Please repeat the entries exactly as they appear and omit any images.

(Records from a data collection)
<<<<

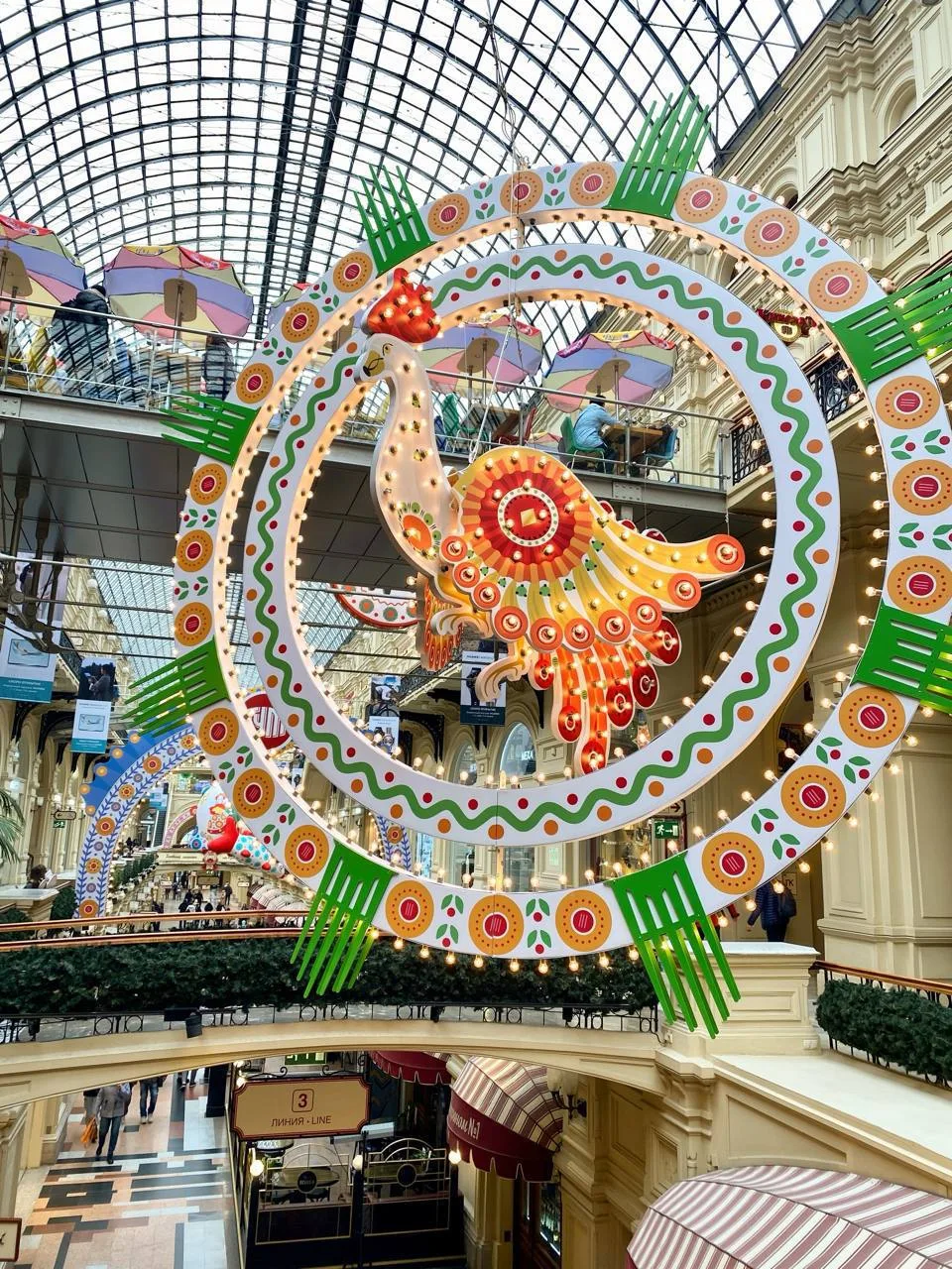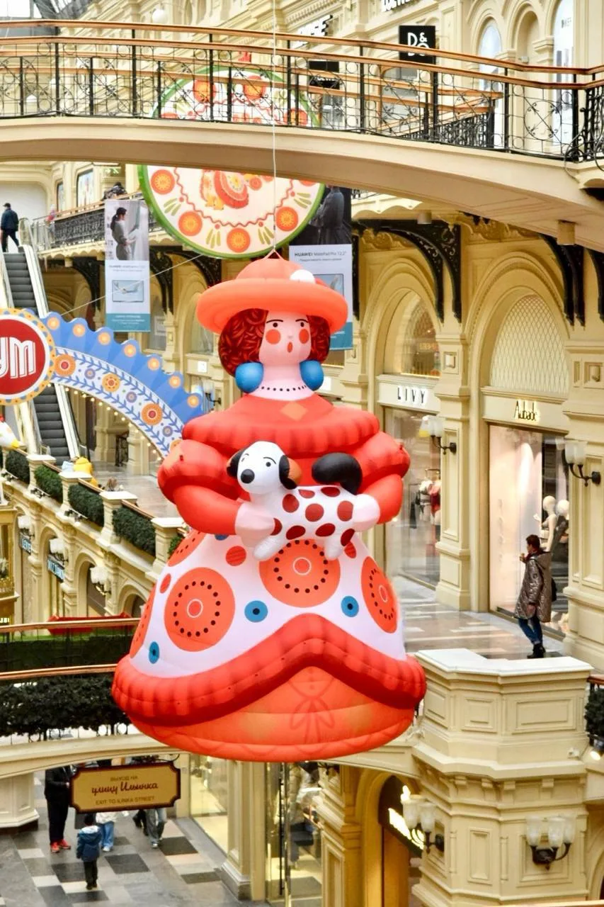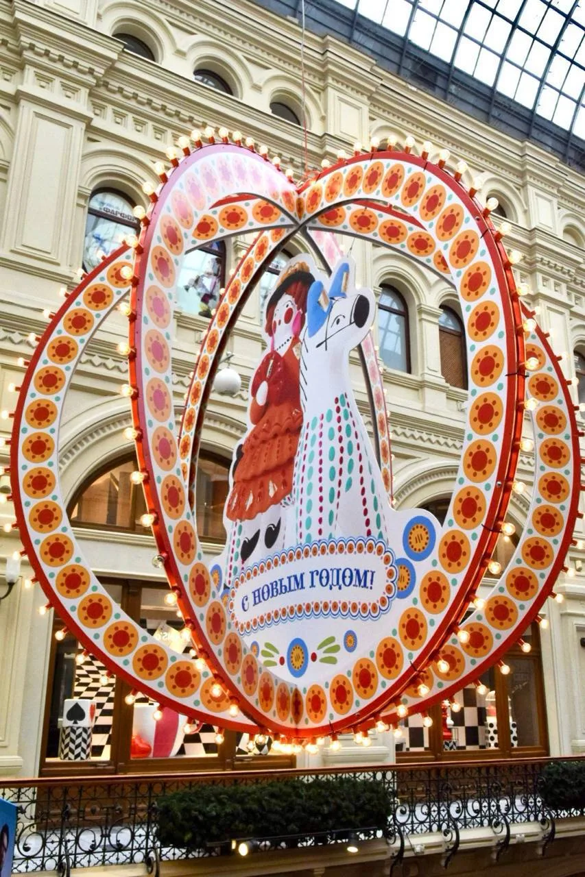 В этом году к Новому году ГУМ украшен в духе народных дымковских игрушек
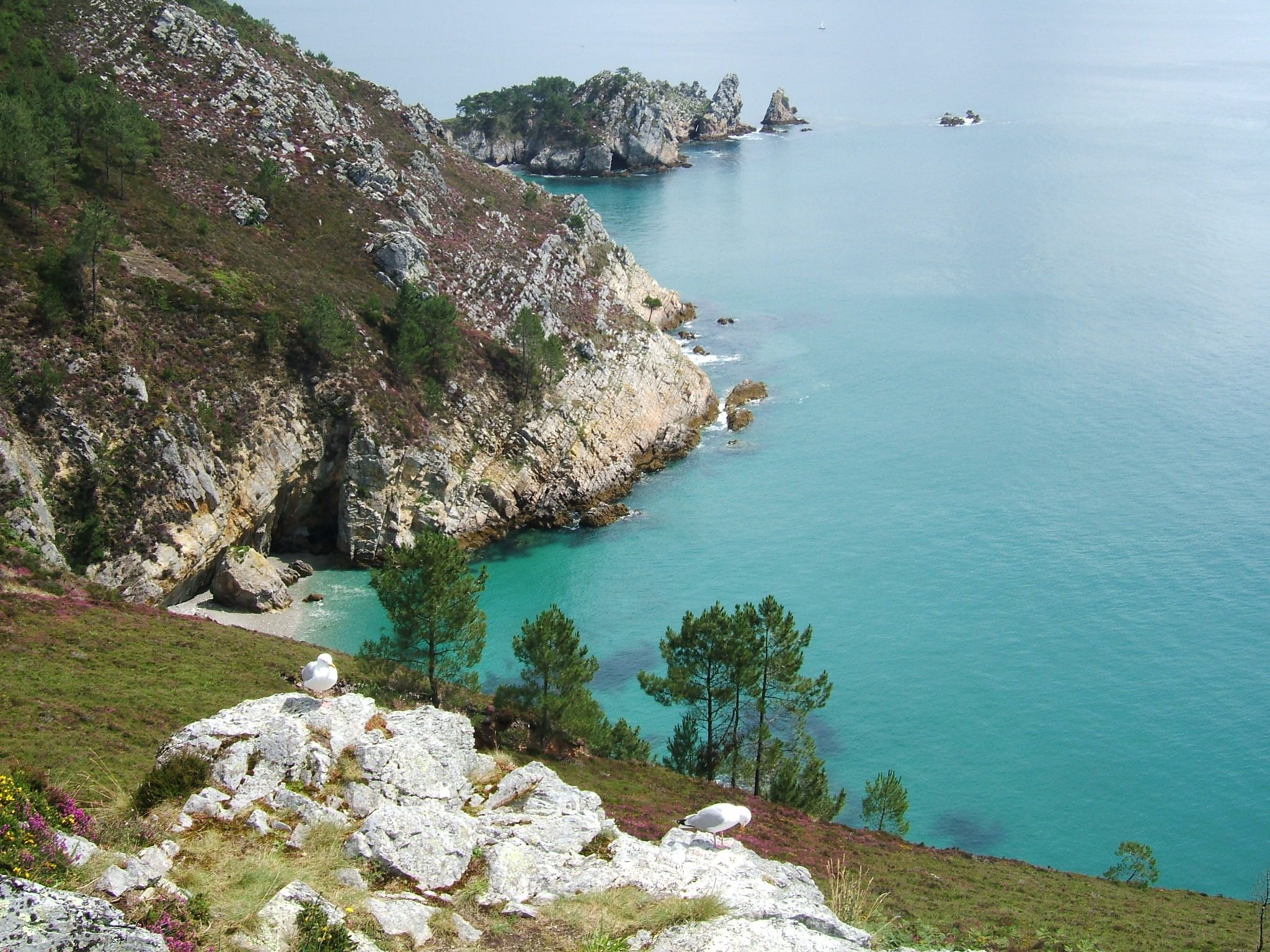 Court transfert en taxi jusqu’à l’immense plage de Goulien, point de départ de la randonnée. Vous découvrez les rochers ruiniformes du “Château” de Dinan, un superbe promontoire face à l’océan, avant de poursuivre vers la frêle silhouette du cap de la Chèvre en suivant le sentier côtier qui longe les plages de Lostmarc’h et de la Palue. Le Cap de la Chèvre, s’élevant à plus de 100 m au-dessus des flots, offre des panoramas spectaculaires sur le littoral breton. La journée se termine par un court transfert et installation à Morgat pour 2 nuits, charmante station côtière de la presqu’île de Crozon.
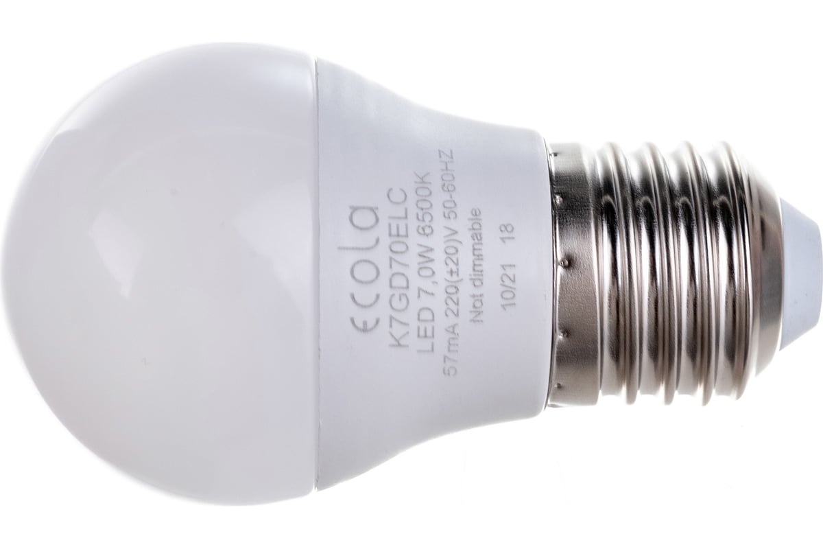 Светодиодная лампа Ecola globe LED 7,0W G45 220V E27 6500K шар композит 82x45 K7GD70ELC
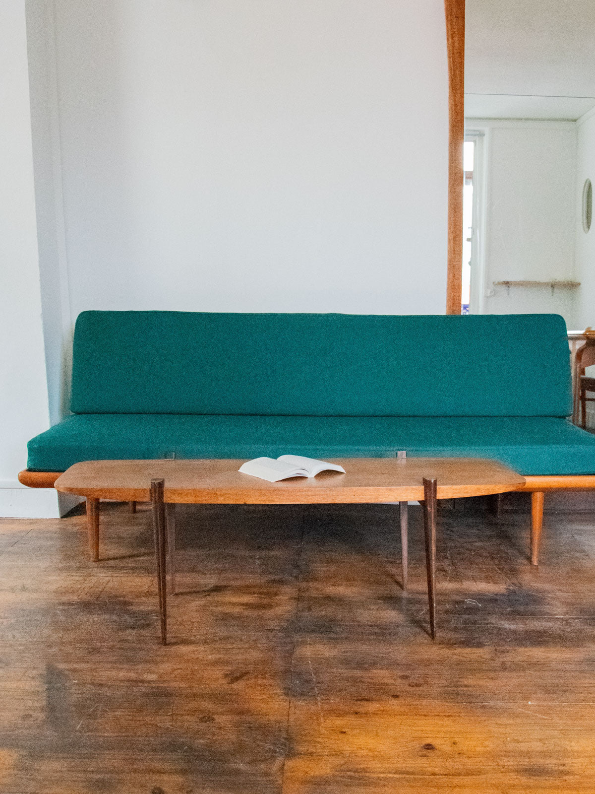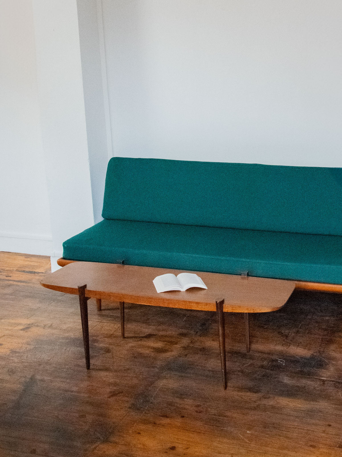 Table basse scandinave en teck, au design épuré et intemporel. Son plateau rectangulaire met en valeur la chaleur naturelle du bois, tandis que ses pieds, dépassant légèrement sur le plateau, apportent une touche graphique et originale. Une pièce élégante et fonctionnelle, idéale pour sublimer un salon au style nordique.
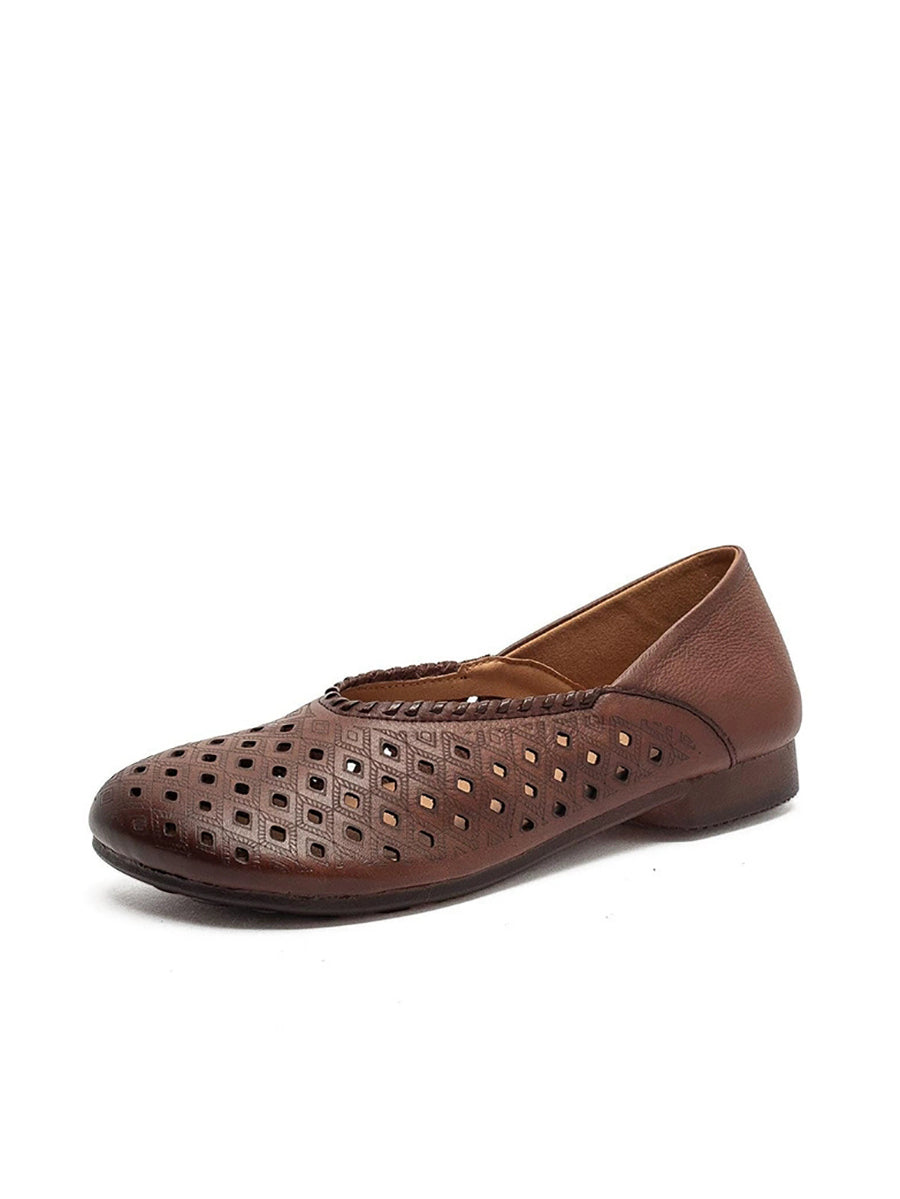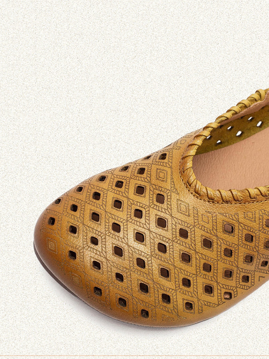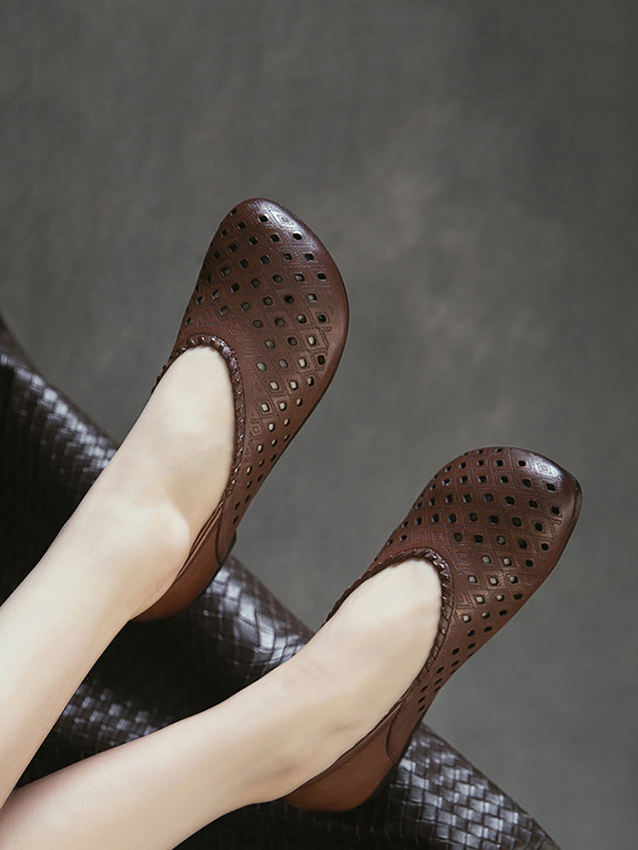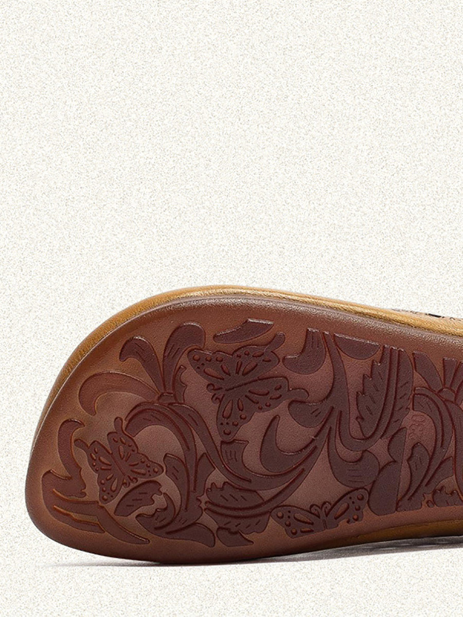 Dámské retro sandály z pravé kůže s otvorem na nízkém podpatku

>>>>

** Reply to the exercise **
 В этом году к Новому году ГУМ украшен в духе народных дымковских игрушек
 Court transfert en taxi jusqu’à l’immense plage de Goulien, point de départ de la randonnée. Vous découvrez les rochers ruiniformes du “Château” de Dinan, un superbe promontoire face à l’océan, avant de poursuivre vers la frêle silhouette du cap de la Chèvre en suivant le sentier côtier qui longe les plages de Lostmarc’h et de la Palue. Le Cap de la Chèvre, s’élevant à plus de 100 m au-dessus des flots, offre des panoramas spectaculaires sur le littoral breton. La journée se termine par un court transfert et installation à Morgat pour 2 nuits, charmante station côtière de la presqu’île de Crozon.
 Светодиодная лампа Ecola globe LED 7,0W G45 220V E27 6500K шар композит 82x45 K7GD70ELC
 Table basse scandinave en teck, au design épuré et intemporel. Son plateau rectangulaire met en valeur la chaleur naturelle du bois, tandis que ses pieds, dépassant légèrement sur le plateau, apportent une touche graphique et originale. Une pièce élégante et fonctionnelle, idéale pour sublimer un salon au style nordique.
 Dámské retro sandály z pravé kůže s otvorem na nízkém podpatku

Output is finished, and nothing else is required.